TASK ITEM: Transcribe exactly the lines from the one containing "Комнаты: 2 изолированные" through the end of the data, both included. Leave out pictures.

------------------------------

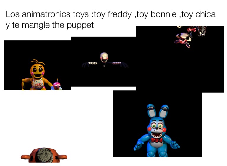 Los animatronics toys :toy freddy ,toy bonnie ,toy chica y te mangle the puppet
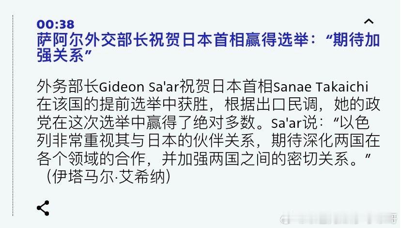 祝贺以色列外长祝贺高市早苗赢得选举,表达希望加强以色列和日本伙伴关系的愿望。海外新鲜事
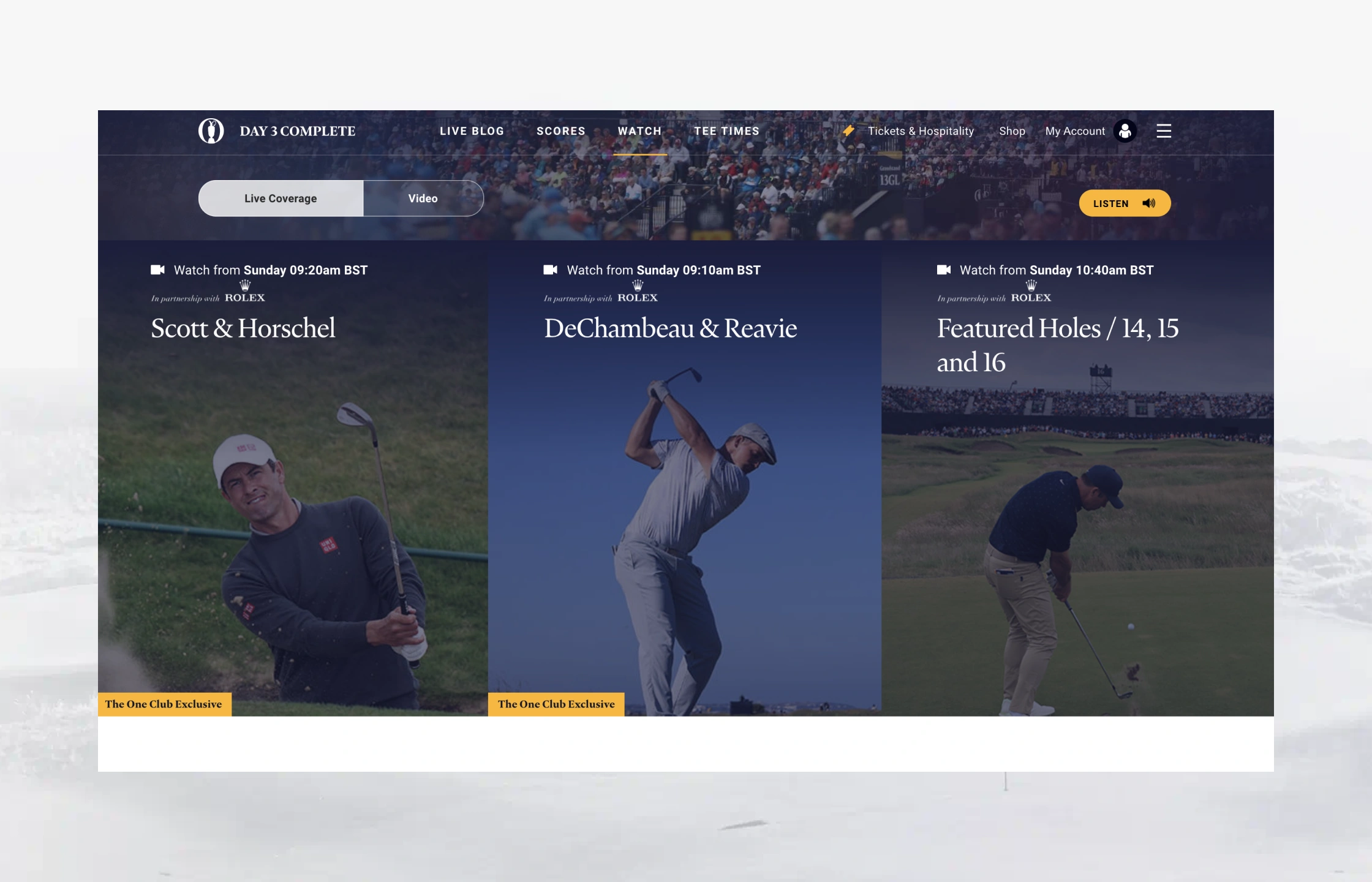 The Open TV allowed users access to multiple live on course video channels configured for individual TV rights across global markets, as well as being able to explore hundreds of highlight clips from the Championship and beyond.
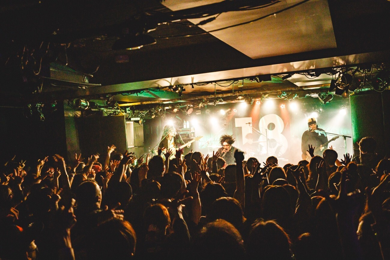 ところどころに煽りのような呼びかけはあったものの、ここまでMCは一切なし。アンコールも言葉を発しないまま、まずは『18』のリードソングである「東京亞詩吐暴威」をプレイ。80年代の日本のビートロックを我流に鳴らしたような陰影あるギターサウンドでフロアを酔わせると、そのままメロディアスな高速ハードコア「マシンガンララバイ」へと突撃し、最後は桜井の「ありがとうございました!」というシャウトと共に「龍動輪舞曲」でフィナーレ。《ロンドン・ロンド……♪》というフロアからのシンガロングを誘いながら明るく晴れやかな空気を醸造したところで、メンバーは去っていった。
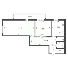 Комнаты: 2 изолированные (гостиная 22 м² + спальня 12 м²)
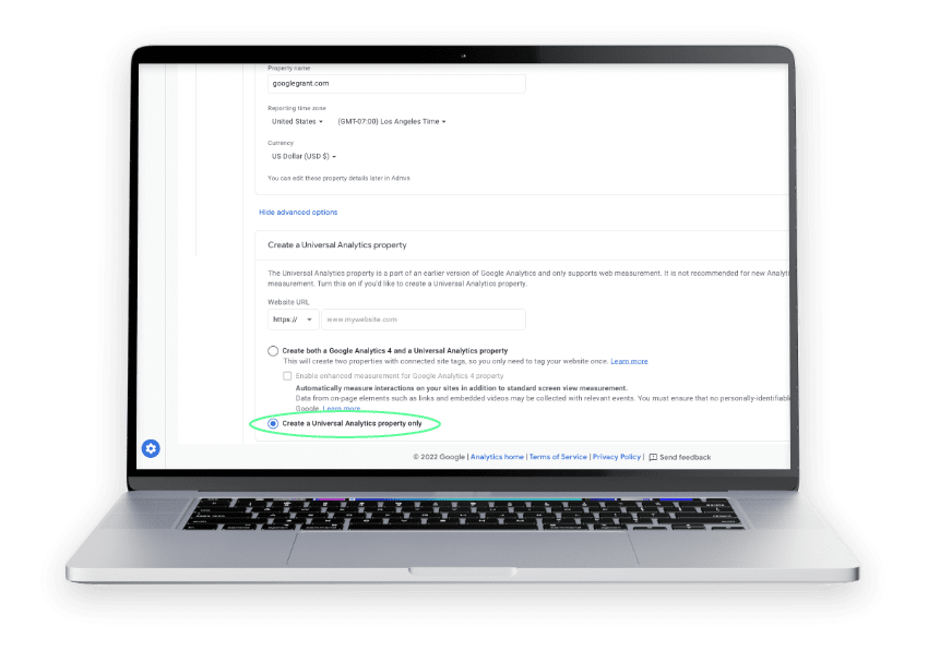 3. Check “Create a Universal Analytics property”.

------------------------------

YOUR RESPONSE:
 Комнаты: 2 изолированные (гостиная 22 м² + спальня 12 м²)
 3. Check “Create a Universal Analytics property”.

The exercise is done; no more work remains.